═════ PROVIDED INFORMATION

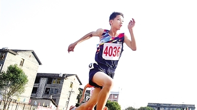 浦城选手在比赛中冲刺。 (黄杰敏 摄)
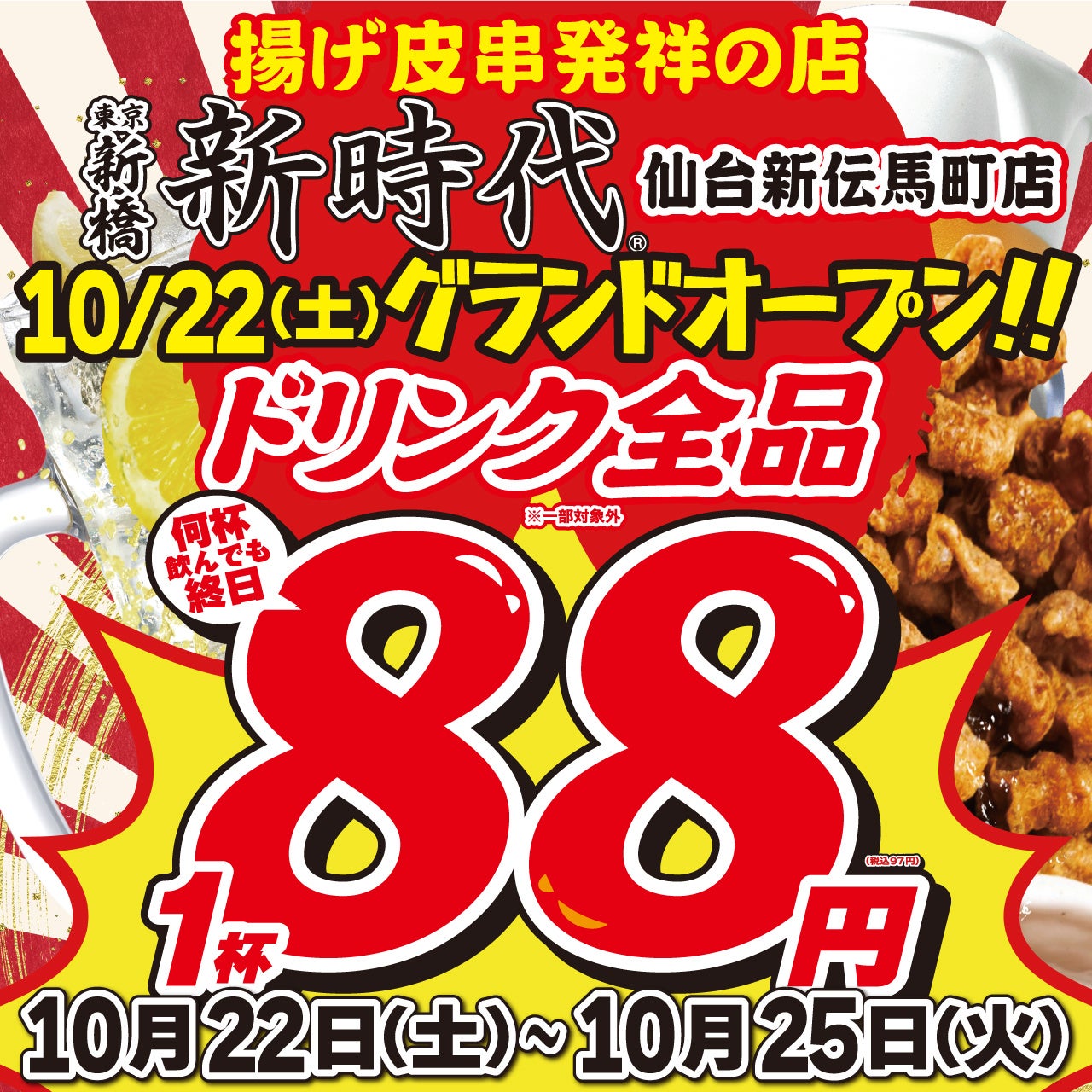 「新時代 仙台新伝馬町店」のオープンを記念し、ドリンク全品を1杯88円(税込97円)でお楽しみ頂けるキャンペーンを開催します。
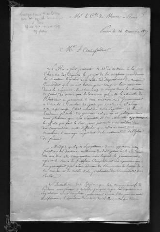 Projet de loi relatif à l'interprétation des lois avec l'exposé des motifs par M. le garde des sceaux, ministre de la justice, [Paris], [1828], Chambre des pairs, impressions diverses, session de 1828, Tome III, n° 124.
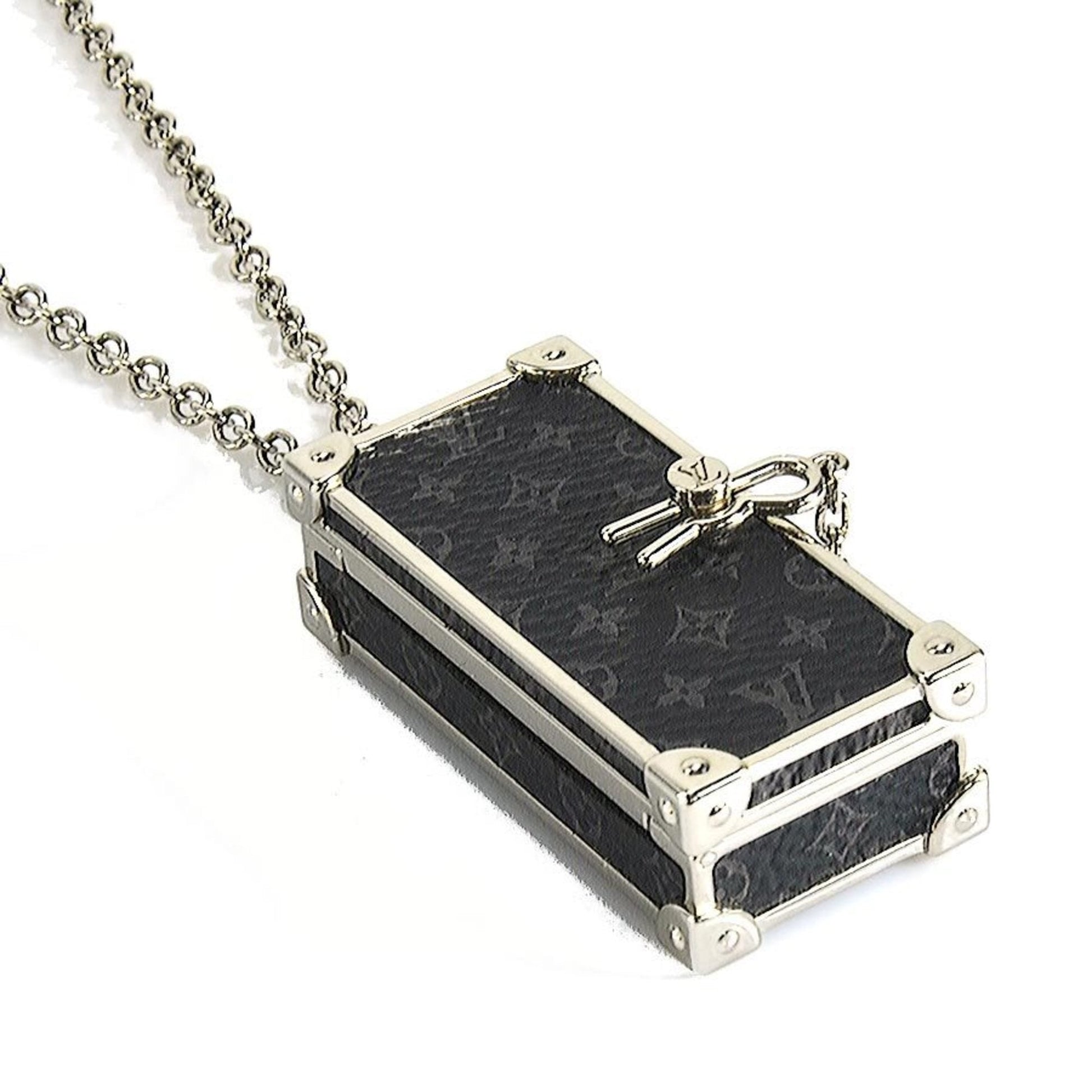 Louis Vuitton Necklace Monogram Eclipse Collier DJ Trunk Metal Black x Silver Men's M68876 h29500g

══════════
═════ PROVIDED INFORMATION

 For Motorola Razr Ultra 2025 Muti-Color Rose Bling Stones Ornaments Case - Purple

══════════

**ASSIGNMENT**
Reproduce exactly the lines of the data above that run from the line with "浦城选手在比赛中冲刺。 (黄杰敏 摄)" down to the line with "Louis Vuitton Necklace", both ends included. Pictures do not belong in the copy.

**ANSWER SPACE**
 浦城选手在比赛中冲刺。 (黄杰敏 摄)
 「新時代 仙台新伝馬町店」のオープンを記念し、ドリンク全品を1杯88円(税込97円)でお楽しみ頂けるキャンペーンを開催します。
 Projet de loi relatif à l'interprétation des lois avec l'exposé des motifs par M. le garde des sceaux, ministre de la justice, [Paris], [1828], Chambre des pairs, impressions diverses, session de 1828, Tome III, n° 124.
 Louis Vuitton Necklace Monogram Eclipse Collier DJ Trunk Metal Black x Silver Men's M68876 h29500g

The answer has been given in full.